When I am only using the Users dataset the accuracy is high. But when I join other data sets the auc score is decreasing. Any insights would be appretitated.
You might want to do the feature engineering on appended columns from other data sets or do appropriate aggregation first and then combine the data sets. See what happens.
The trainset has years 1,2,3 but testset has future year 4 with most user ids needing predictions for month 1,2&3 year 4. This means we have a forecasting problem and need to populate the trainset with aggregated data from the other datasets for each month. The test set can then be extracted from the trainset using all data from year 3 month 12.
We then need to get the targets for the current month using the Target column of the next 3 months-train.groupby(userid).shift(-1/-2/-3). Then train a model for each target month1/2/3, and predict on user samples from year 3 month 12.
@basketball stars That usually means the extra datasets are adding noise or leakage, so try cleaning, feature-selecting, or engineering only the useful fields before joining to see if performance improves.
You might want to do the feature engineering on appended columns from other data sets or do appropriate aggregation first and then combine the data sets.
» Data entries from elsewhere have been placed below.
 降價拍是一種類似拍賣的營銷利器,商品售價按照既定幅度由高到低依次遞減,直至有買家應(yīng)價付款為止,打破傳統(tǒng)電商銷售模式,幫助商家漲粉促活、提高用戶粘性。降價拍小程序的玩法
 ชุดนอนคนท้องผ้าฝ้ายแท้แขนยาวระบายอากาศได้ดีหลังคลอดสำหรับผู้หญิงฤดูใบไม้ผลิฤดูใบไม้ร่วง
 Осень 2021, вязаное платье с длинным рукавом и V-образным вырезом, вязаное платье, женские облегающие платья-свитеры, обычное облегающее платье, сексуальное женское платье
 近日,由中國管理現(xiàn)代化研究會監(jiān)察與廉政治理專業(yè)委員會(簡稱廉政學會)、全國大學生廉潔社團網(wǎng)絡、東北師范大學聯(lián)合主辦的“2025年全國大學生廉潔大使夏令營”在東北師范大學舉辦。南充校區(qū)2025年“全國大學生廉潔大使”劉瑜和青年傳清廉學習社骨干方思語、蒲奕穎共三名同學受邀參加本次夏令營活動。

See what happens.
Hi Hari,
The trainset has years 1,2,3 but testset has future year 4 with most user ids needing predictions for month 1,2&3 year 4. This means we have a forecasting problem and need to populate the trainset with aggregated data from the other datasets for each month. The test set can then be extracted from the trainset using all data from year 3 month 12.
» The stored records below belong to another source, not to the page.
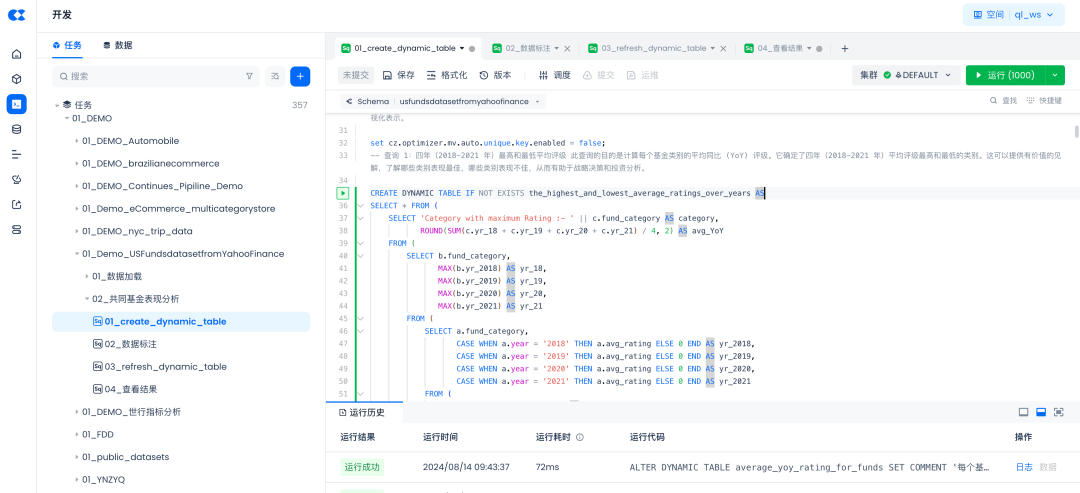 用动态表(Dynamic table)来存放计算结果,考虑到底表变化和结果表都是统计结果,非常适合用动态表来简化数据加工逻辑。 数据标准:对数据进行详细注释,方便团队理解和大模型理解数据结构。 刷新动态表:不同于传统的大数据INSERT INTO/OVERWRITE的结果刷新方式,云器Lakehouse的动态表采用增量计算技术,通过REFESHESH 动态表的方式只对变化数据进行计算,从而大幅提升了数据刷新速度并降级计算成本,从而提高性价比,达到降本增效的目的。 查看结果,通过SELECT语句查看计算结果。
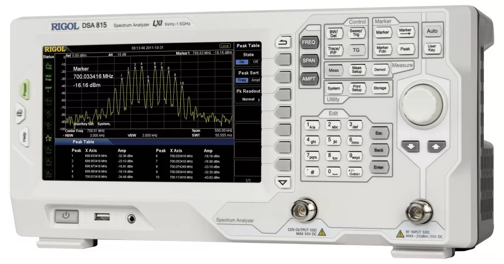 A DSA815 spektrum analizátor félig professzionális és professzionális alkalmazásokra egyaránt alkalmas. A nagyszámú szoftveres eszköz és a lehetséges kiegészítők ideálisak az EMI (EMC) előzetes megfelelőségi tesztekhez az EMC előírások végső elfogadásának előkészítéseként.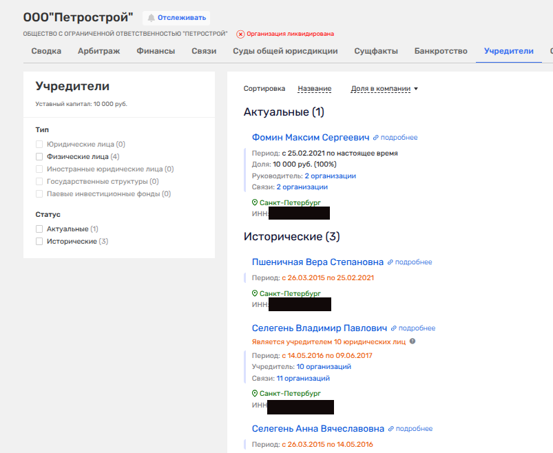 ООО «Петрострой» было ликвидировано в апреле 2025 года после процедуры банкротства, оставив не выплаченными в бюджет 22 млн рублей налогов. Перед банкротством фирму слили ширме, чтобы не садить пятно на белое пальто репутации семейства Селегень-Макаровых.
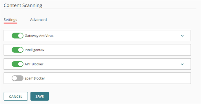 Bei Cloud-verwalteten Fireboxen können Sie das Inhaltsscanning mit diesen Security Services konfigurieren:

We then need to get the targets for the current month using the Target column of the next 3 months-train.groupby(userid).shift(-1/-2/-3). Then train a model for each target month1/2/3, and predict on user samples from year 3 month 12.
@basketball stars That usually means the extra datasets are adding noise or leakage, so try cleaning, feature-selecting, or engineering only the useful fields before joining to see if performance improves.